Personal information
- Full name: Rahim Dastneshan
- Date of birth: August 19, 1950 (age 75)
- Place of birth: Qa'em Shahr, Iran
- Position: Midfielder

Senior career*
- Years: Team / Apps / (Gls)
- Nassaji Mazandaran

Managerial career
- 1977–1983: Bank Mellat Qa'em Shahr
- 1983–1994: Nassaji Mazandaran
- 1995–1996: Nassaji Mazandaran
- 2004: Nassaji Mazandaran
- 2008: Nassaji Mazandaran

= Rahim Dastneshan =

Iranian footballer, manager, and director

Rahim Dastneshan (رحیم دست نشان, born on 19 August 1960 in Qa'em Shahr) is a retired Iranian football player and now a director and coach. He is the most successful coach in the history of Nassaji Mazandaran Club. Maintaining and uniting the Nassaji Mazandaran Club in the 1980s was one of his services. Hence he is considered the father of Nassaji.

== Personal life ==
Rahim Dastneshan was born on August 19, 1950, in Seyedmahaleh, Qaemshahr (formerly known as Shahi). He is the older brother of Nader Dastneshan. He got married at the age of 27, and the marriage resulted in three children: two sons and one daughter.
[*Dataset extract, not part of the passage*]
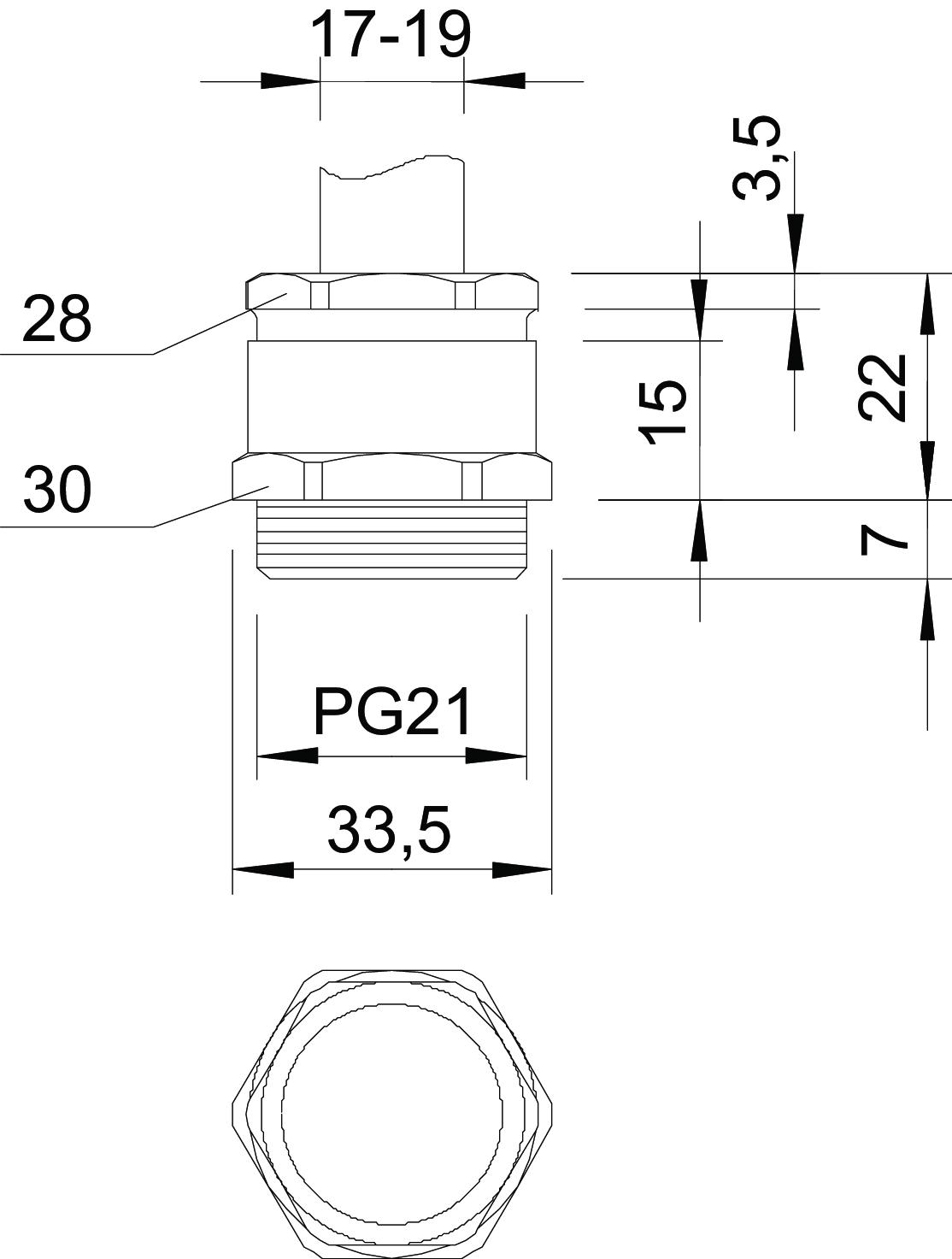 - Geschikt voor kabeldiameter: 17 - 19 mm

== Sports Life as a Player ==
His family home was near the Shahid Vatani Stadium. Behind this stadium was a garden named Bagh-e Fada'i, where he used to play football. He then started at Nassaji and moved on to the Mazandaran provincial team.

== Coaching career ==
Rahim Dastneshan turned to coaching at the age of 27. Initially, he became the coach for Nassaji's youth team, then moved to Bank Tehran where he also played, and later became the coach for Bank Melli. Finally, in 1983, he became the head coach of Nassaji and achieved desirable results.

During his early and eleven-year coaching career, Dastneshan marked Nassaji's best days in the Quds League and the Azadegan Cup, and his teams were among the good teams in these competitions. He holds the record for the longest duration and the highest number of coaching stints. He was Nassaji's coach for about 14 years in four different periods, from his first year of coaching in 1983 to his last in 2009.